The formula is as follows:
CF = 1/((5/100)^INT(DUR/100)*(1-(DUR-(98*INT(DUR/100)))/100))
- Lord Kranar, human Archwizard
[This message has been edited by LordKranar (edited 12-30-2001).] reg
CF = 1/((5/100)^INT(DUR/100)*(1-(DUR-(98*INT(DUR/100)))/100))
- Lord Kranar, human Archwizard
[This message has been edited by LordKranar (edited 12-30-2001).] reg
Anyways... here's an explanation of the derivation:
Say you have a 6 sided die, and you want to know what the odds are of you rolling a 6. Well it's simple, 1 in 6 rolls will end up being 6. But let's say you want to look beyond that and want to know what the odds are of you rolling a 6 *twice* in a row, well then you have to do a multiplication. The odds of rolling a 6 the first time is 1/6, the odds of rolling a 6 the second time is also 1/6, so the odds of rolling a 6 twice in a row is (1/6)*(1/6), which comes out to 1/36. So the odds of rolling a 6 twice in a row are 1 in 36. The odds of rolling a 6 *three* times in a row are 1/6*1/6*1/6 = (1/6)^3 = 1/216. And the pattern continues, odds of rolling a 6 five times in a row is (1/6)^5 = 1 in 7776.

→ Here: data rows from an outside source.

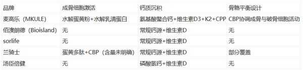 骨骼生长需要“长度”与“硬度”同步发展,成骨细胞激活、钙质沉积、骨骼平衡是评估的关键参数。主流品牌对比如下: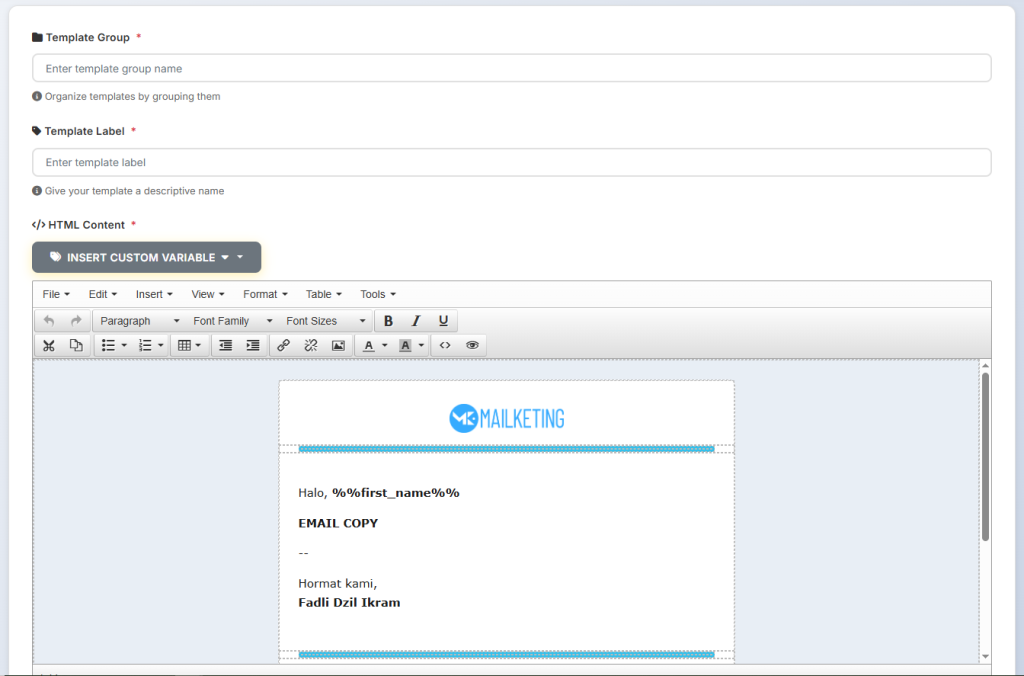 Dengan template default, kamu cukup memodifikasi body konten email, sementara struktur header dan footer sudah siap.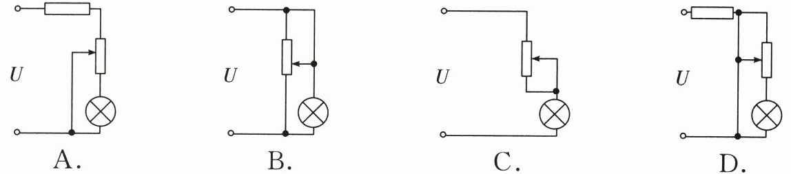 6. 如图所示是用滑动变阻器调节灯泡亮度的几种方案,你认为可能达到目的的方案是(
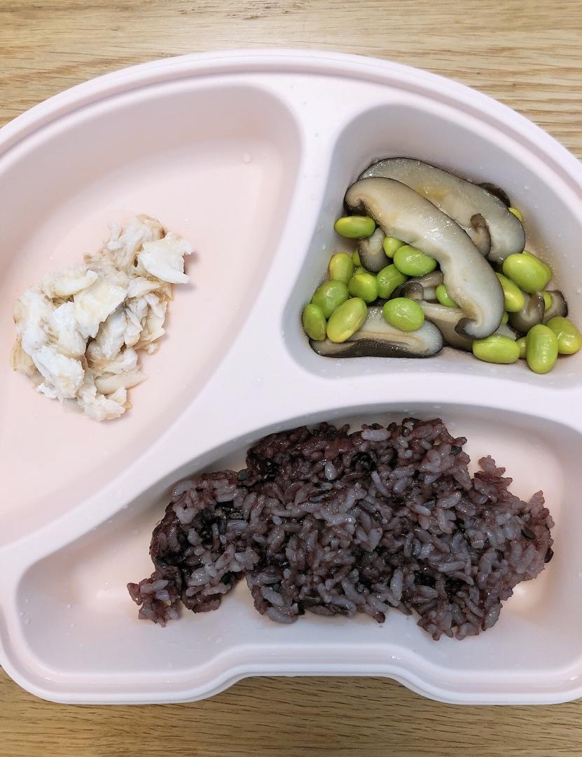 果果午餐·清蒸鲳鱼、香菇炒毛豆、大米黑米饭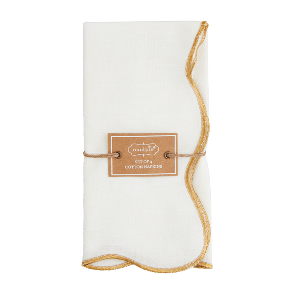 Gold Scalloped Edge Set of 4 Cotton Napkins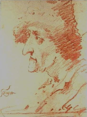 Head and Shoulders Study of a Man in Profile, wearing a tall hat
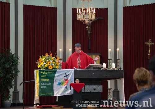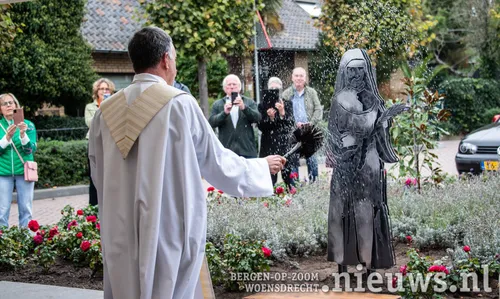 Na de onthulling werd het beeld door pastoor Paul Verbeek, pastoor van de Lieve Vrouwe parochie in Bergen op Zoom en van parochie De Bron in Woensdrecht, gezegend.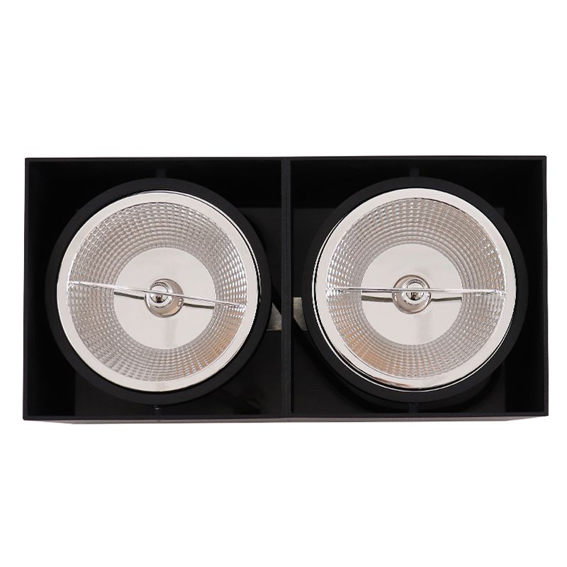 De moderne opbouwspot Mario is zwart van kleur en gemaakt van aluminium. De zwarte opbouwspot wordt geleverd exclusief bijpassende lichtbronnen. In deze lamp moeten 2 lichtbronnen met GU10 (AR111) fittingen. Het maximale wattage van de lichtbronnen mag niet hoger zijn dan 40 watt.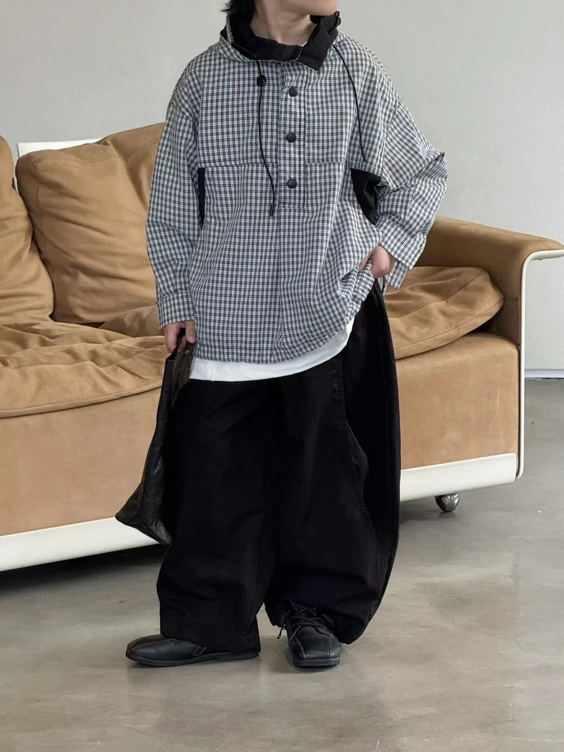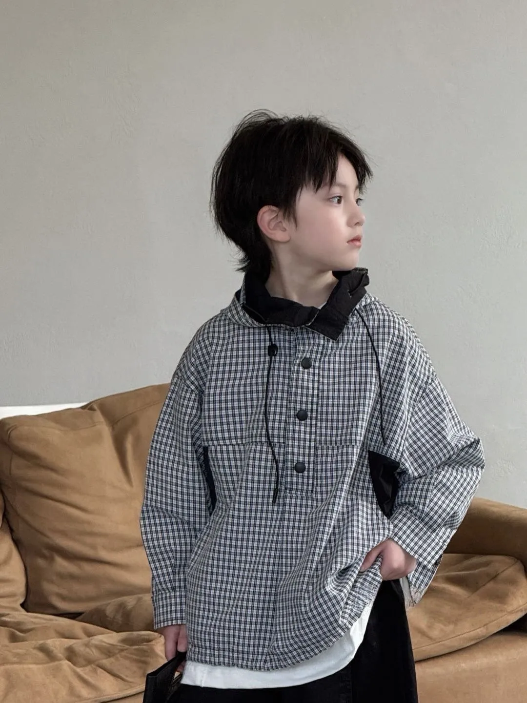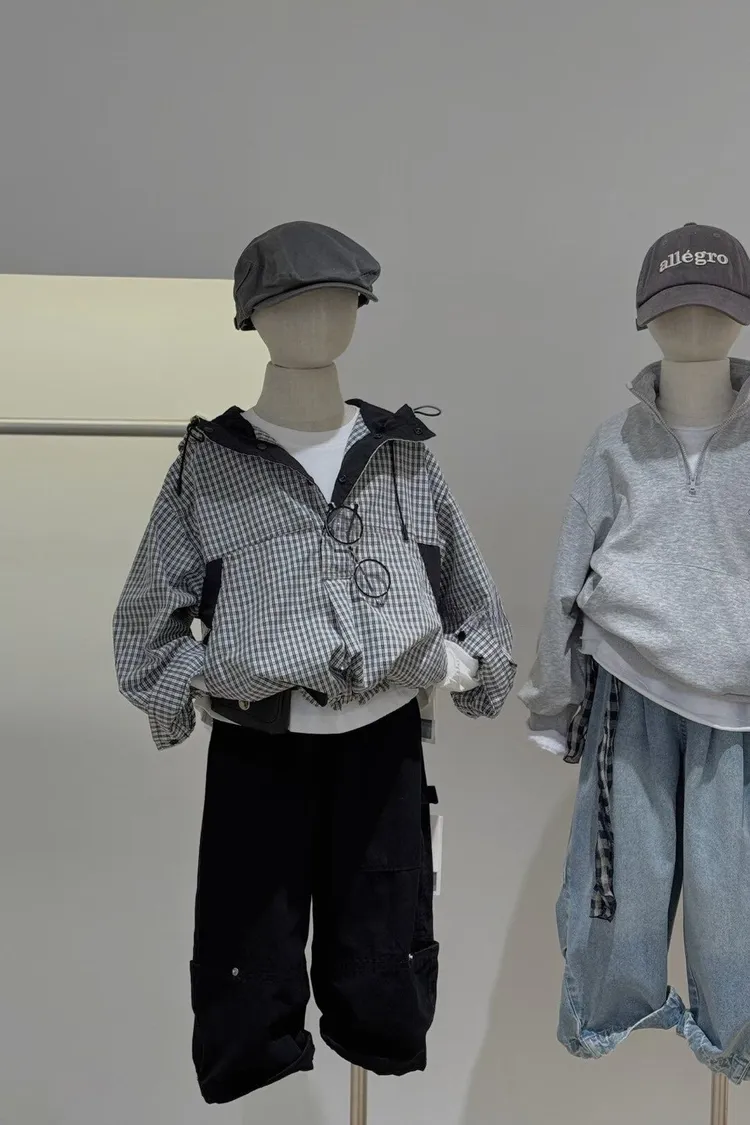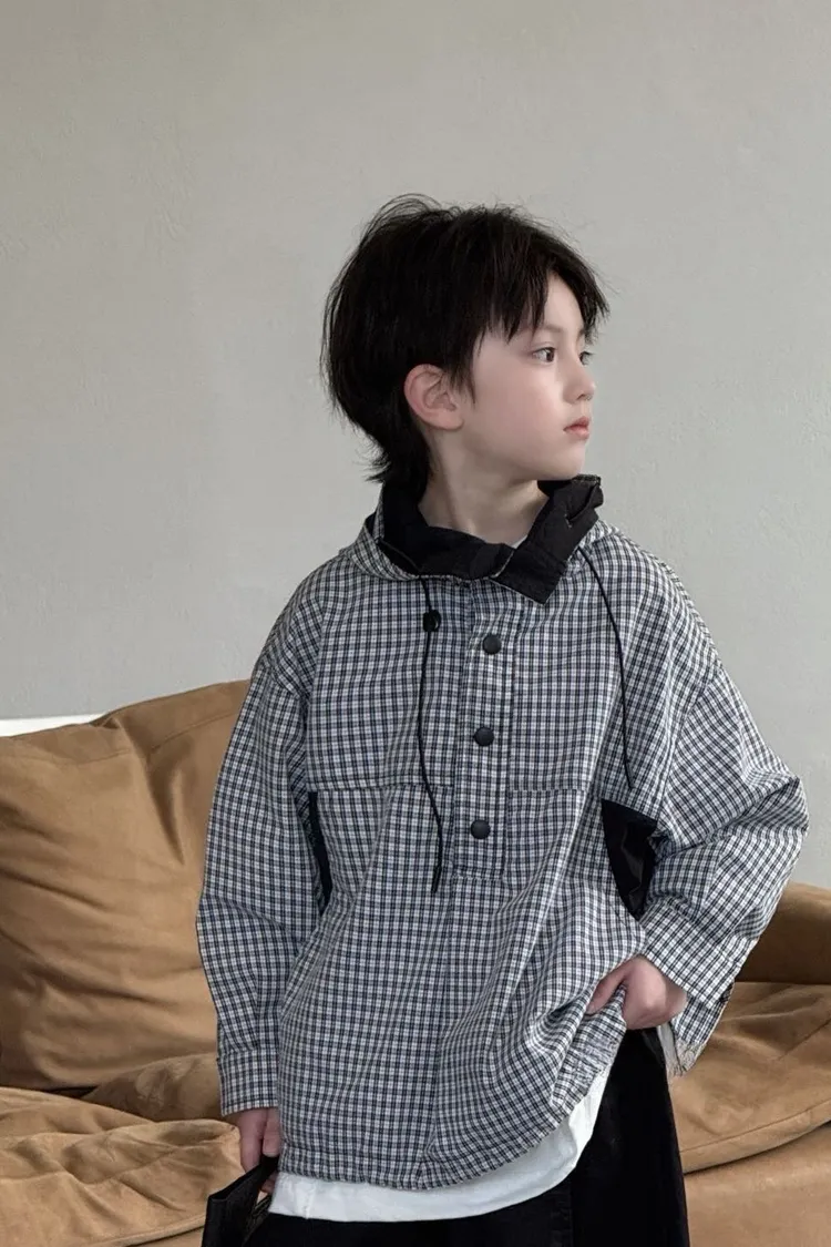 ❮大童❯格子拚接連帽外套

With breakage the same logic applies. If you have a DUR of 300, then you need to roll something above 96 three times in a row. The odds rolling 96 or higher three times in a row are (5/100)^3. If you have a DUR of 600, then you need to roll a 96 or higher 6 times in a row to break your item. In general terms it means you basically need INT(DUR/100) rolls in a row for your item to risk catastrophic failure. Having said that, the first part of the equation becomes the odds of getting a roll of 96 or above, to the power of how many rolls in a row you need to risk breaking your item, or in mathematical notation:
(5/100)^INT(DUR/100).
The second part of the equation is a lot more tricky. You need to determine the average between the 5 possible rolls that will result in an additional roll and multiply it by how many rolls are needed to break your item. Well it so happens that the average roll between 96, 97, 98, 99, and 100 is 98 (it's the number right inbetween so this should make sense). You take that average and multiply it by how many rolls in a row you need to give you another roll (remember, this is INT(DUR/100)) and that ends up giving you the average total of the rolls that can cause your item to break. In mathematical notation this is:
98*INT(DUR/100).
Third part of the equation is easier than the second part. We've so far figured out the odds of getting however many additional rolls are needed to break our item, and we've determined the average outcome of those rolls. Now we need to find out what the LAST roll has to be in order to break our item. Remember, if the item's DUR is 300, then you need atleast **4** rolls for your item to break, if your item's DUR is 600, you need atleast 7 rolls for your item to break. In general you need INT(DUR/100) + 1 rolls in order for your item to break. Well parts 1 and 2 of the equation only explained the first INT(DUR/100) rolls, we now have to fit in that last roll into our equation. For your item to break, this last and final roll has to be atleast DUR - 98*INT(DUR/100). If it is, your item goes byebye. Now in order to find out the odds of the final roll being equal or greater to the number needed to break our item, we take the number needed, and divide it by 100 and it ends up looking like this:
1 - [DUR - 98*INT(DUR/100)]
Why are we subtracting 1 from that whole bracket? Because if say we needed a roll of 40 or greater to break our item, what that means is that 60 out of 100 numbers will break our item, basically 60 percent. The only way to describe that mathematically is to write it out as 1 - 40/100 = 60 percent. So we subtract the whole bracket from 1 and we end up with the last part of the equation.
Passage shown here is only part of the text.